#### Information provided:
------------------------

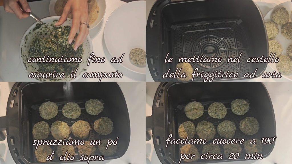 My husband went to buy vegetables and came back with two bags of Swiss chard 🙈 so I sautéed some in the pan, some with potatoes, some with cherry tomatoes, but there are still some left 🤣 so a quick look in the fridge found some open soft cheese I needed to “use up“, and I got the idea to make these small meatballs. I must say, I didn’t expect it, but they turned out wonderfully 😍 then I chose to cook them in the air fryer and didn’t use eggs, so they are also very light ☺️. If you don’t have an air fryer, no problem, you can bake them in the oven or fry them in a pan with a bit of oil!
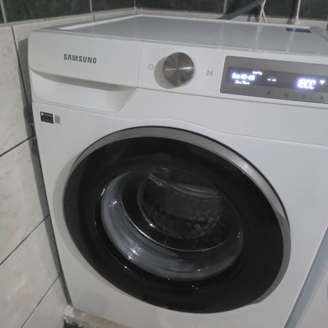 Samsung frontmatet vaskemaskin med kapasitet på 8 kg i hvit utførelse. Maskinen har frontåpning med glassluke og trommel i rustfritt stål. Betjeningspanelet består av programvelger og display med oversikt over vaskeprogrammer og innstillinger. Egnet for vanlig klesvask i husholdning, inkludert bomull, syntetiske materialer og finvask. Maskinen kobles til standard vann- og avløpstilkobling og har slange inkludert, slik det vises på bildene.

------------------------

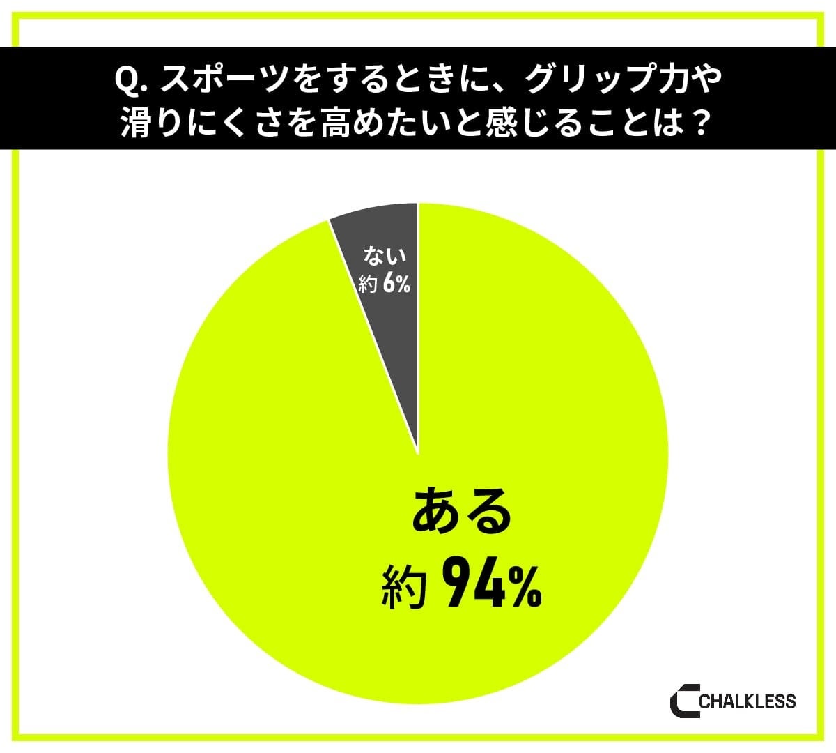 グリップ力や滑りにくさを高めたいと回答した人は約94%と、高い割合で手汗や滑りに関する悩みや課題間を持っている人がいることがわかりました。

------------------------

#### Your assignment:
Look above for the line holding "My husband went" and output everything from it down to the line holding "Samsung frontmatet vaskemaskin", both ends included, exactly and without images.

#### Response to this task:
 My husband went to buy vegetables and came back with two bags of Swiss chard 🙈 so I sautéed some in the pan, some with potatoes, some with cherry tomatoes, but there are still some left 🤣 so a quick look in the fridge found some open soft cheese I needed to “use up“, and I got the idea to make these small meatballs. I must say, I didn’t expect it, but they turned out wonderfully 😍 then I chose to cook them in the air fryer and didn’t use eggs, so they are also very light ☺️. If you don’t have an air fryer, no problem, you can bake them in the oven or fry them in a pan with a bit of oil!
 Samsung frontmatet vaskemaskin med kapasitet på 8 kg i hvit utførelse. Maskinen har frontåpning med glassluke og trommel i rustfritt stål. Betjeningspanelet består av programvelger og display med oversikt over vaskeprogrammer og innstillinger. Egnet for vanlig klesvask i husholdning, inkludert bomull, syntetiske materialer og finvask. Maskinen kobles til standard vann- og avløpstilkobling og har slange inkludert, slik det vises på bildene.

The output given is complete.